Technical information
- Licensing authority: FCC
- Facility ID: 135885
- Class: D
- Power: 500 watts day; 15 watts night;
- Transmitter coordinates: 38°49′8″N 104°46′33.9″W﻿ / ﻿38.81889°N 104.776083°W
- Translator: 96.5 K243AM (Colorado Springs)

Links
- Public license information: Public file; LMS;
- Webcast: Listen live
- Website: www.air1.com

= KLVG (AM) =

KLVG (780 kHz) is an AM radio station airing a contemporary worship music format licensed to Fountain, Colorado, as part of the Air1 network. The station serves the Colorado Springs and Pueblo areas, and is owned by the Educational Media Foundation (EMF).

The station went on the air in 2012 as KCEG, a classic country station.
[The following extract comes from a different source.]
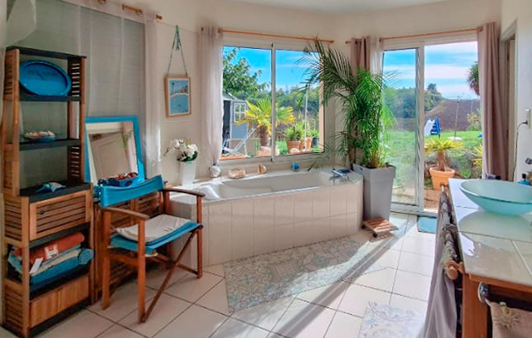 Velkommen til jeres rummelige og charmerende møblerede feriehus, hvor solnedgange, afslapning og kulinariske lækre retter venter jer overalt. Denne feriedestination er møbleret med stilfulde og komfortable møbler, der formidler en nautisk strandfølelse. De store vinduer oversvømmer huset med naturligt lys og lægger op til at snakke ved barstolen i det åbne køkken, mens I kan afslutte aftenen med at slappe af i sofaen med en god film. Uanset om I er i badekarret eller ved spisebordet, er I altid garanteret en smuk udsigt.

It has been programmed by EMF since 2022, when it joined Air1 as KJME; it became KRNX and then KLVG in 2025.

==History==
The station first began regular programming in April 2012 as classic country station KCEG, operated as part of Mike Knar's SoCo Radio group. In March 2022, the station, by then KJME, began carrying programming from the Educational Media Foundation (EMF) as the primary station for EMF-owned FM translator K243AM (96.5); the KCEG call sign and classic country format moved to 890 AM, while KJME joined EMF's Air1 network.

EMF agreed to purchase KJME from Timothy Cutforth for $70,000 in March 2023, becoming one of its few AM facilities; the sale was completed in August 2024. The station changed its call sign to KRNX on February 27, 2025; the call sign was shared with Rye sister station KRNX-FM, which had changed from KWRY on February 13. KRNX AM then became KLVG on October 3, 2025.